The exact format assumes a single directory with sharded .tar, .parquet, and (optionally) .idx files. Each tar file should have a unique integer ID as its name (00000.tar, 00001.tar, 00002.tar, etc.). The tar files should contain images in .jpg files, text captions in .txt files, and metadata in .json files. Each record of the dataset is identified by a unique ID that is a mix of the shard ID along with the offset of the record within a shard. For example, the 32nd record of the 43rd shard would be in 00042.tar and have image 000420031.jpg, caption 000420031.txt, and metadata 000420031.json (assuming zero indexing).

In addition to the collection of tar files, NeMo Curator’s ImageTextPairDataset expects there to be .parquet files in the root directory that follow the same naming convention as the shards (00042.tar -> 00042.parquet). Each Parquet file should contain an aggregated tabular form of the metadata for each record, with each row in the Parquet file corresponding to a record in that shard. The metadata, both in the Parquet files and the JSON files, must contain a unique ID column that is the same as its record ID (000420031 in our examples).

Reading#

Datasets can be read in using ImageTextPairDataset.from_webdataset()

path="/path/to/dataset" should point to the root directory of the WebDataset.
id_col="key" lets us know that the unique ID column in the dataset is named “key”.

A more thorough list of parameters can be found in the API Reference.

Writing#

There are two ways to write an image dataset. The first way only saves the metadata, while the second way will reshard the tar files. Both trigger the computation of all the tasks you have set to run beforehand.

save_metadata() will only save sharded Parquet files to the target directory. It does not modify the tar files. There are two optional parameters:

path allows you to change the location of where the dataset is saved. By default, it will overwrite the original Parquet files.
columns allows you to only save a subset of metadata. By default, all metadata will be saved.

to_webdataset() will reshard the WebDataset to only include elements that have a value of True in the filter_column. Resharding can take a while, so this should typically only be done at the end of your curation pipeline when you are ready to export the dataset for training.

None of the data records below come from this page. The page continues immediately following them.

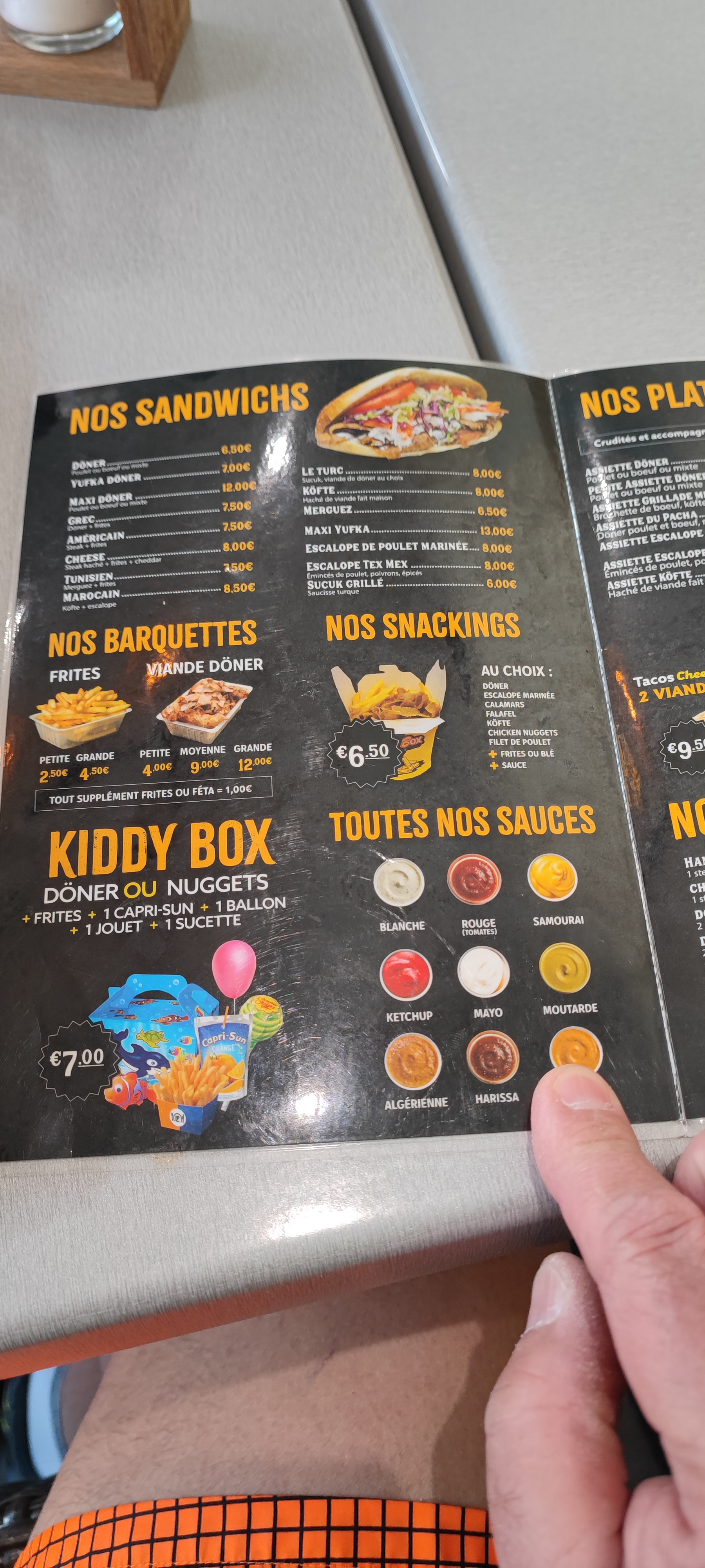 Très déçue. Accueil vraiment dérangeant, avec une femme à l'accent des quartiers qui parle mal au jeune cuisto devant tout le monde. Frites qui se résume à de l'huile, même pas de pomme de terre à l'interieur. Et le dōner.....hyper gras, moitié vide d'ingrédients et pain sec. Le changement de propriétaire se ressent clairement, quel dommage, c'était bon avant. Nous n'y retournerons plus !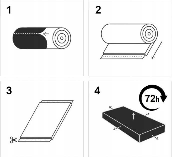1. Atsargiai nukirpkite apsauginę plėvelę, nepažeisdami čiužinio.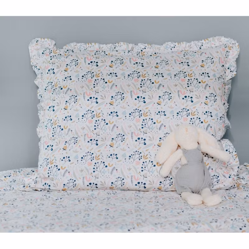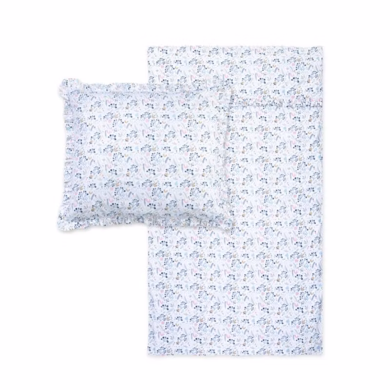 Et meget smukt sengesæt af høj kvalitet i afdæmpet farve vil sammen med sine skønne flæser skabe en dejlig stemning i barnets seng og på børneværelset.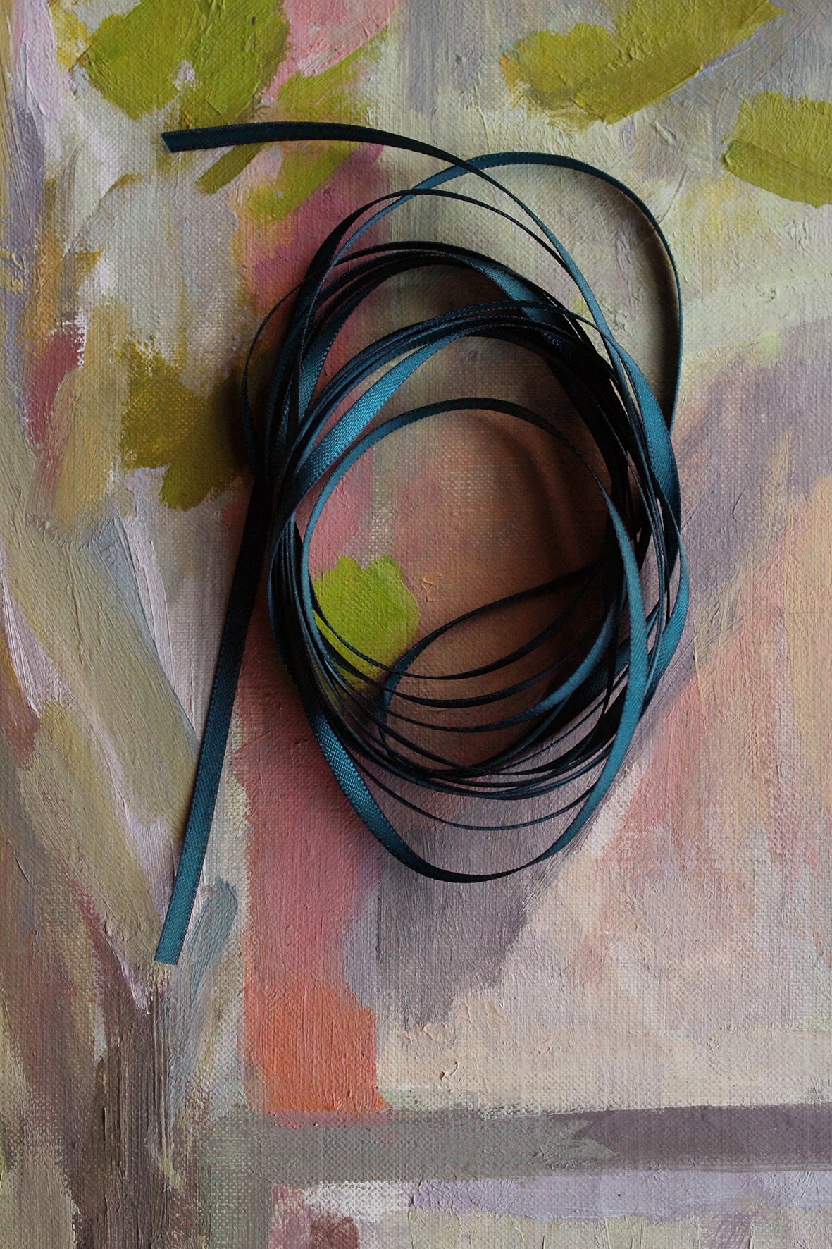 A lovely double sided satin vintage ribbon in a gorgeous peacock blue.

A more thorough list of parameters can be found in the API Reference.

Index Files#

NeMo Curator uses DALI for image data loading from the tar files. In order to speed up the data loading, you can supply .idx files in your dataset. The index files must be generated by DALI’s wds2idx tool. See the DALI documentation for more information. Each index file must follow the same naming convention as the tar files (00042.tar -> 00042.idx).